Only 2 sectors gave positive returns in Nov-21

For Nov-21, out of the 10 key sectors with significant presence on Nifty, only 2 sectors gave positive returns while 8 gave negative returns. Of course, there 5 sectors that did better than the Nifty during the month of November

Let us look at the positive returns first. The IT sector gave +1.85% returns in November and this rally was triggered by two factors. Firstly, IT emerged as a safe haven for investors in an uncertain environment. Also, at a time when the overall theme was hawkish, IT was likely to be the least impact. Secondly, IT is likely to gain from a strong dollar, which is the most likely outcome of a hawkish monetary note. Consumer durables were marginally in the positive and the story was a defensive play on Indian equities.

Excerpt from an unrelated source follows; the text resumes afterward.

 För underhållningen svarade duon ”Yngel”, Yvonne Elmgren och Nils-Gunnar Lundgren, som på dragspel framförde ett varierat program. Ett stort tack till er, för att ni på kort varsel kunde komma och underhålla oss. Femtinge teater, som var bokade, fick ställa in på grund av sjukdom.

Two more defensive stories emerged in the form of Pharma and FMCG. Both these sectors gave negative returns but then they performed better than the Nifty. Pharma sector made late gains in the month after the Omnicron variant threatened to have a cascading effect. For FMCG, it was the top line growth that was attractive, despite input cost pressures.
Data Source: NSE

Metals and rate sensitives underperformed the Nifty in Nov-21

No prizes for guessing; Private banks and PSU banks lost more than 9% in Nov-21. Central bank hawkishness has never been good news for financials as it promises pressure on loan growth, NIMs and losses on their investment portfolio. The other rate sensitive sector to get hit was auto, but here the story was also about production cuts due to microchip shortage. Metals were hit by concerns that an Omnicron driven slowdown would squeeze global metals demand.

Going ahead, Dec-21 is likely to be driven by 3 key factors.

a) The RBI Policy in early Dec-21 and the Fed meet in mid-December will set the tone for liquidity and the rates trajectory.

b) IPO flows will be a critical factor with IPOs worth Rs.40,000 crore expected to hit the primary markets this month. Institutional support will be a key factor.

c) Above all, the one issue that will dominate the markets in Dec-21 will be the Omnicron variant, which promises to be lethal. How the variant is managed, will hold the key.

Dec-21 has generally seen a surge in safe-haven buying at the expense of emerging markets. That is a trend that Indian markets will be wary of.